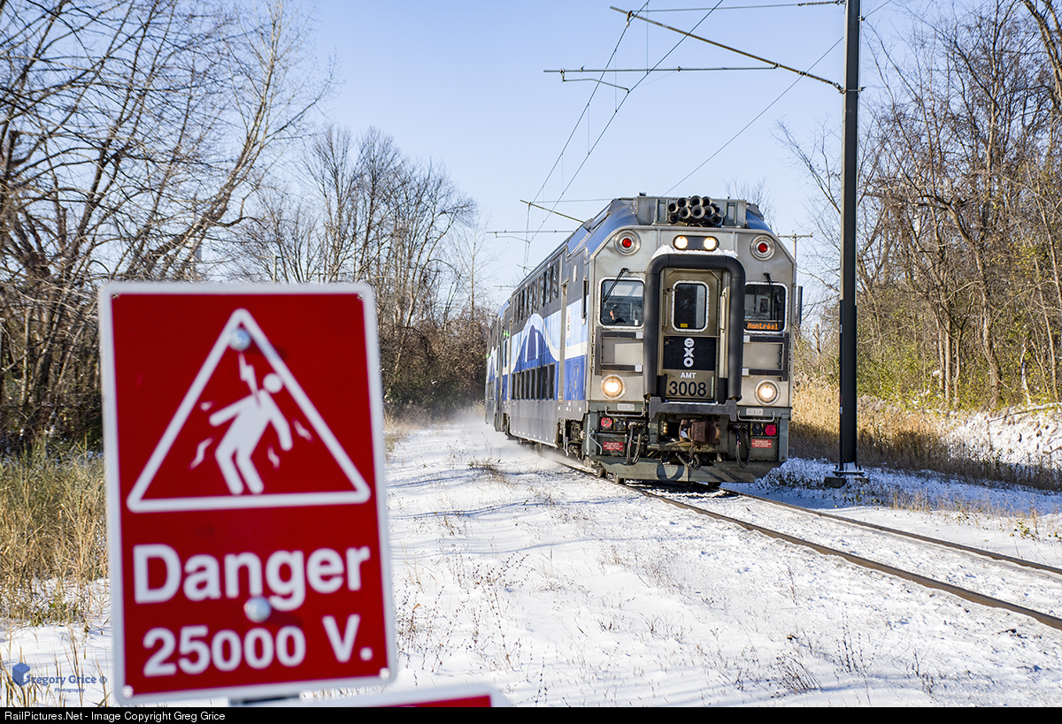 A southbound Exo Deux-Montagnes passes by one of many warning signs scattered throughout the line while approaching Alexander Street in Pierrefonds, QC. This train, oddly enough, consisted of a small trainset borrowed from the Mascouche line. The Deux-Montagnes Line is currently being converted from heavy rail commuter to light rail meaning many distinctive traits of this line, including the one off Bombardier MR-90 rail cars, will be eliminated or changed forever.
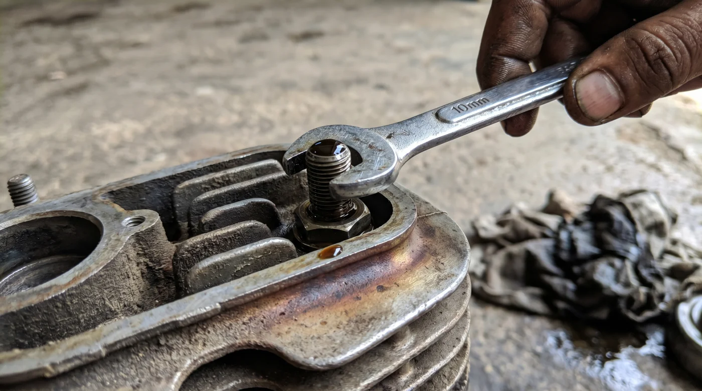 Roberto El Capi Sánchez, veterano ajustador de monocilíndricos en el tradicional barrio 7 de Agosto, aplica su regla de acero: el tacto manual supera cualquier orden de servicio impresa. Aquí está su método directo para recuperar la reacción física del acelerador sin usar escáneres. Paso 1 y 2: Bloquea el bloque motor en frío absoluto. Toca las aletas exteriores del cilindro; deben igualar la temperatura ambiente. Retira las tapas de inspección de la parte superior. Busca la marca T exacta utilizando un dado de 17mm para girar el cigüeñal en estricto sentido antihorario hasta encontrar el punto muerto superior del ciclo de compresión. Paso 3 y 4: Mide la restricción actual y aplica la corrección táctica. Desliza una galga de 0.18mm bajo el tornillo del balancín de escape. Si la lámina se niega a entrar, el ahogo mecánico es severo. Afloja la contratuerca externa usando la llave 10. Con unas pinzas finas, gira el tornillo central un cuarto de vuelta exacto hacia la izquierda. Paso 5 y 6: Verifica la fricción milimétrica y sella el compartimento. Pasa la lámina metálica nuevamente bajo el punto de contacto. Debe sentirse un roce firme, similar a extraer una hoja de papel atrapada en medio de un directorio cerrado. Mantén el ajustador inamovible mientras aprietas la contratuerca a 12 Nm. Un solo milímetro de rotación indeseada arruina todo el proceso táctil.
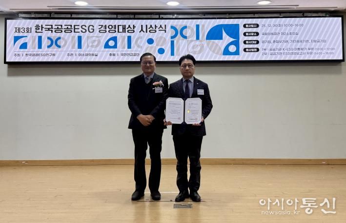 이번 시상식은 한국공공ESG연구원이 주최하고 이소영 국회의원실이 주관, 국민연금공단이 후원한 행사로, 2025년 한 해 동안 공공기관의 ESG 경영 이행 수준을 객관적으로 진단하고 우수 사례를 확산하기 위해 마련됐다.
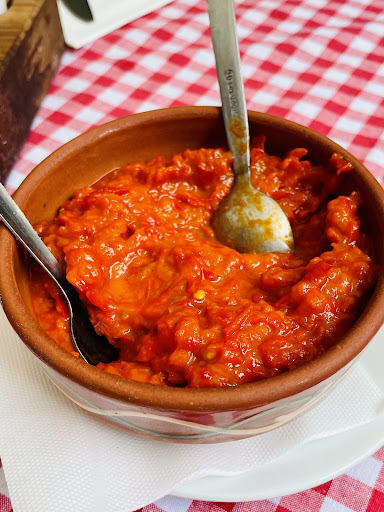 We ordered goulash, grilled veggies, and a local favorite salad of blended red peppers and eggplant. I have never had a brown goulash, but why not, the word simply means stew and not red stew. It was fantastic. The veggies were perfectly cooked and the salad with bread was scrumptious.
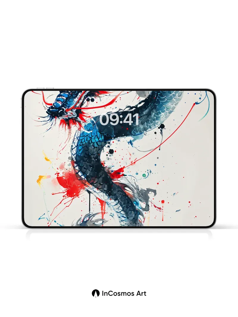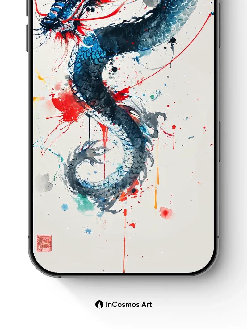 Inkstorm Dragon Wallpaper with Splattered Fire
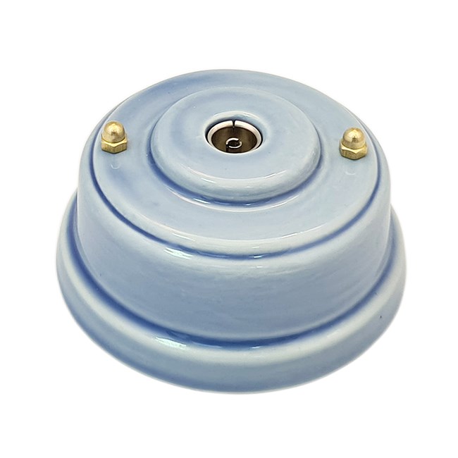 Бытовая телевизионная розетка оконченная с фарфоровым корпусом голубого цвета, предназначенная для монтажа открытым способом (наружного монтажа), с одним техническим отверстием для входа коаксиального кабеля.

● ● ● ● ● ● ●

◆ TO DO: Retype the data above exactly. Do not carry over any images.

◆ SOLUTION FOR THIS PROBLEM:
 A southbound Exo Deux-Montagnes passes by one of many warning signs scattered throughout the line while approaching Alexander Street in Pierrefonds, QC. This train, oddly enough, consisted of a small trainset borrowed from the Mascouche line. The Deux-Montagnes Line is currently being converted from heavy rail commuter to light rail meaning many distinctive traits of this line, including the one off Bombardier MR-90 rail cars, will be eliminated or changed forever.
 Roberto El Capi Sánchez, veterano ajustador de monocilíndricos en el tradicional barrio 7 de Agosto, aplica su regla de acero: el tacto manual supera cualquier orden de servicio impresa. Aquí está su método directo para recuperar la reacción física del acelerador sin usar escáneres. Paso 1 y 2: Bloquea el bloque motor en frío absoluto. Toca las aletas exteriores del cilindro; deben igualar la temperatura ambiente. Retira las tapas de inspección de la parte superior. Busca la marca T exacta utilizando un dado de 17mm para girar el cigüeñal en estricto sentido antihorario hasta encontrar el punto muerto superior del ciclo de compresión. Paso 3 y 4: Mide la restricción actual y aplica la corrección táctica. Desliza una galga de 0.18mm bajo el tornillo del balancín de escape. Si la lámina se niega a entrar, el ahogo mecánico es severo. Afloja la contratuerca externa usando la llave 10. Con unas pinzas finas, gira el tornillo central un cuarto de vuelta exacto hacia la izquierda. Paso 5 y 6: Verifica la fricción milimétrica y sella el compartimento. Pasa la lámina metálica nuevamente bajo el punto de contacto. Debe sentirse un roce firme, similar a extraer una hoja de papel atrapada en medio de un directorio cerrado. Mantén el ajustador inamovible mientras aprietas la contratuerca a 12 Nm. Un solo milímetro de rotación indeseada arruina todo el proceso táctil.
 이번 시상식은 한국공공ESG연구원이 주최하고 이소영 국회의원실이 주관, 국민연금공단이 후원한 행사로, 2025년 한 해 동안 공공기관의 ESG 경영 이행 수준을 객관적으로 진단하고 우수 사례를 확산하기 위해 마련됐다.
 We ordered goulash, grilled veggies, and a local favorite salad of blended red peppers and eggplant. I have never had a brown goulash, but why not, the word simply means stew and not red stew. It was fantastic. The veggies were perfectly cooked and the salad with bread was scrumptious.
 Inkstorm Dragon Wallpaper with Splattered Fire
 Бытовая телевизионная розетка оконченная с фарфоровым корпусом голубого цвета, предназначенная для монтажа открытым способом (наружного монтажа), с одним техническим отверстием для входа коаксиального кабеля.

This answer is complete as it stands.